Die bekanntesten Mysterienkulte der antiken Welt waren die Mysterien von Eleusis, die samothrakischen Mysterien, der Dionysoskult, der Kult des Liber Pater in Rom und in Süditalien, der Mithraskult, der Kybele- und Attiskult, der Isis- und Osiriskult. Einige dieser Kulte stammten offensichtlich aus dem Orient; ob sie alle orientalischen Ursprungs waren, wie manchmal behauptet wird, ist jedoch unsicher. Die eleusinischen Mysterien, die samothrakischen Mysterien und der Dionysoskult gelten weithin eher als nationalgriechisch.
Allgemeine Motive von Mysterienkulten sind der sterbende und auferstehende Gott, der Mutterkult und die Wiedergeburt und Unsterblichkeit. Man hat diese drei Phänomene in ein System gebracht, indem man den Mysteriengott als einen mit den Jahreszeiten sterbenden und auferstehenden Vegetationsgott erklärt hat. Der Vegetationsgott war naturgemäß mit der Mutter Erde eng verbunden, weniger einleuchtend dagegen ist die Auffassung, dass im Kreislauf des Daseins die Verheißung eines ewigen Lebens im Jenseits erkennbar sein soll. Gewiss ist jedenfalls, dass der sterbende und auferstehende Gott und die Große Mutter das im Kreise laufende Leben geschaffen und in Gang gebracht haben.
Das Imperium Romanum gab religiösen Kulten prinzipiell weite Entfaltungsmöglichkeiten. Durch das Militär, aber auch Händler breitete sich der aus Aegyptus stammende Isis-Kult aus. Der ursprünglich in Asia entstandene Kybele- und Attiskult und der aus dem iranisch-persischen Kulturraum stammende Mithras-Kult konnten sich über weite Teile der römischen Provinzen ausdehnen. Auch der griechische Dionysos-Kult fand Anhänger und gab der römischen Administration Anlass für einen der wenigen frühen staatlichen Eingriffe. Im Jahre 186 v. Chr. wurden die dionysischen Bacchanalien mit der Begründung untersagt, dass die Initiation die Form sexueller Ausschweifungen hatte.

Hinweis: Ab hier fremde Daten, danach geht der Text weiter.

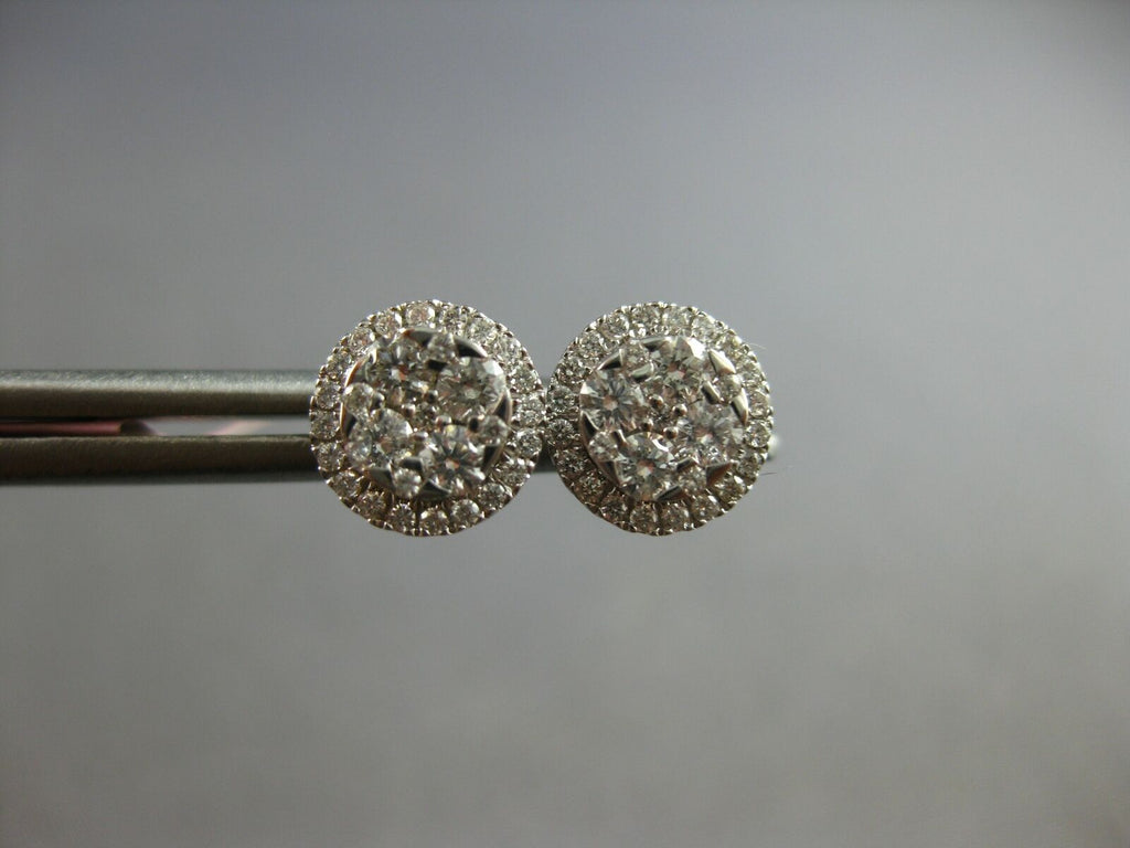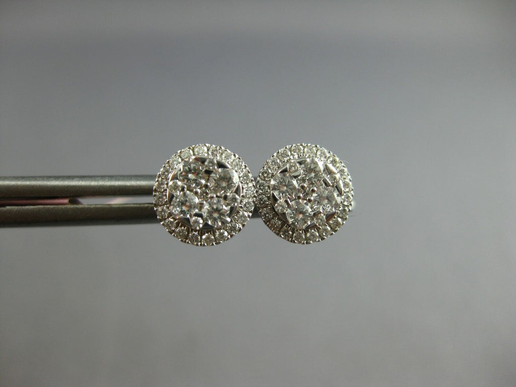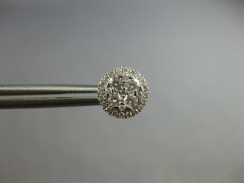 ESTATE .52CT DIAMOND 14KT WHITE GOLD 3D CLASSIC ROUND CLUSTER HALO STUD EARRINGS

Wilhelm Bousset (1907) sah einen engen Zusammenhang zwischen den antiken Mysterienkulten und der Gnosis. Nach seiner Auffassung waren Mysterienkulte Teil des gnostischen Verständnisses der Welt.[2] Einen Zusammenhang sah auch Hans Jonas (1964), der die Einflüsse aber anders gewichtete und speziell die hellenistischen Mysterienkulte als einen Teil der gnostischen Weltanschauungen betrachtete.[3] D. H. Wiens (1982) wiederum sah die Gnosis in keinem direkten Zusammenhang zu den Mysterienkulten, wenn auch einige der verwendeten Begrifflichkeiten dies nahezulegen scheinen.[4]